Another method is to take your current annual expenses and then multiply this amount by varying factors depending on the age at which you plan to retire. Considering a set of assumptions, this method provides you with an estimated capital amount to aim for to generate the retirement income you need.

Keep in mind the investment returns your savings generate and your actual level of expenses in retirement will have a notable impact on whether the projection ends up being right for you.

Your superannuation savings                                                                 

Your 50s also present an opportunity to start planning how much you may wish to contribute to your savings, repaying debt such as the mortgage against your home, and planning any final super contributions to boost your retirement savings.

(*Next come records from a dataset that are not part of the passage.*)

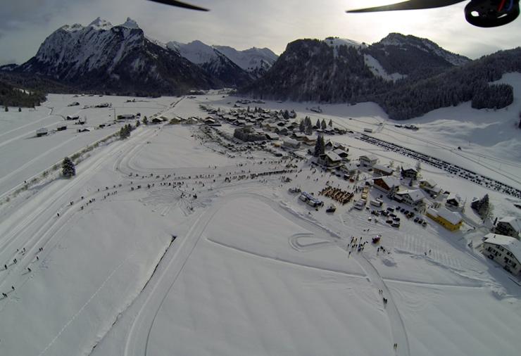 Bei Sonnenschein und Schneetreiben.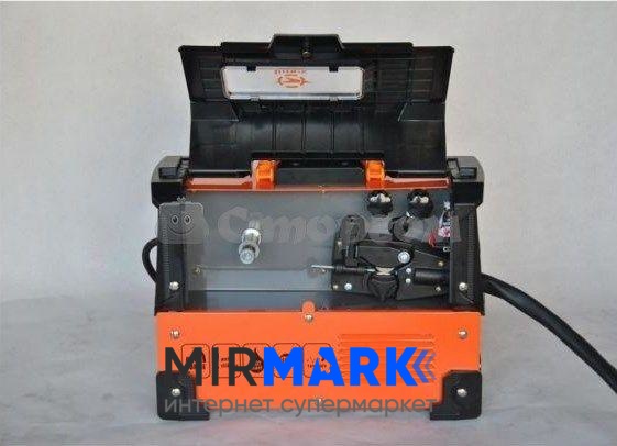 - Інструкція, кабель тримача маси, кабель тримача електрода, кейс, молоток-щітка, зварювальний апарат, упаковка, щиток-маска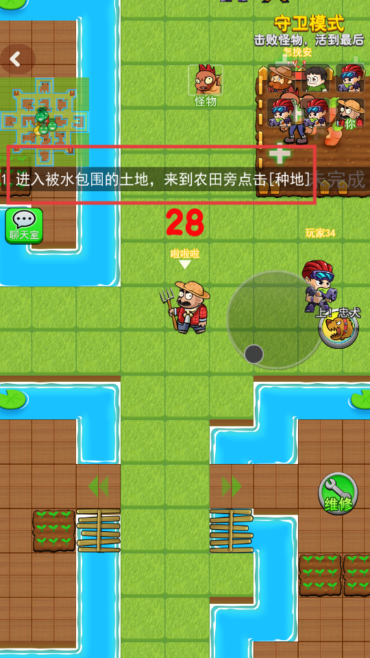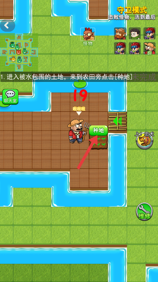 3、点击【种地】按钮,在农田上进行种植,为后续防御怪物做准备。

Your super provides not only a tax-effective way to save for retirement but also a tax-effective way to assist in funding your retirement income needs once you reach an age at which you can access your accumulated benefits.

While your super is likely to form a cornerstone of your retirement income planning, it doesn’t need to be the only piece of your retirement income plan. Savings and investments outside of super can also be used to provide you with alternative financial resources for your retirement, often tax effectively, with the benefit of tax offsets available to eligible senior Australians.

Repaying as much of your outstanding debts as possible can make a big difference come retirement. While building your retirement savings, consider a plan to proactively clear your debt by redirecting free cash flow to reduce the amount you owe, thereby strengthening your financial position.

After the age of 65, those who continue to work make additional contributions to super, so through your 50s, have a plan around what final super contributions may mean for you. While many of the external factors which contribute to the retirement landscape, such as the current regulatory environment or the performance of investment markets, may be outside of your control, focusing on the things you can control will go a long way to getting you the retirement you want.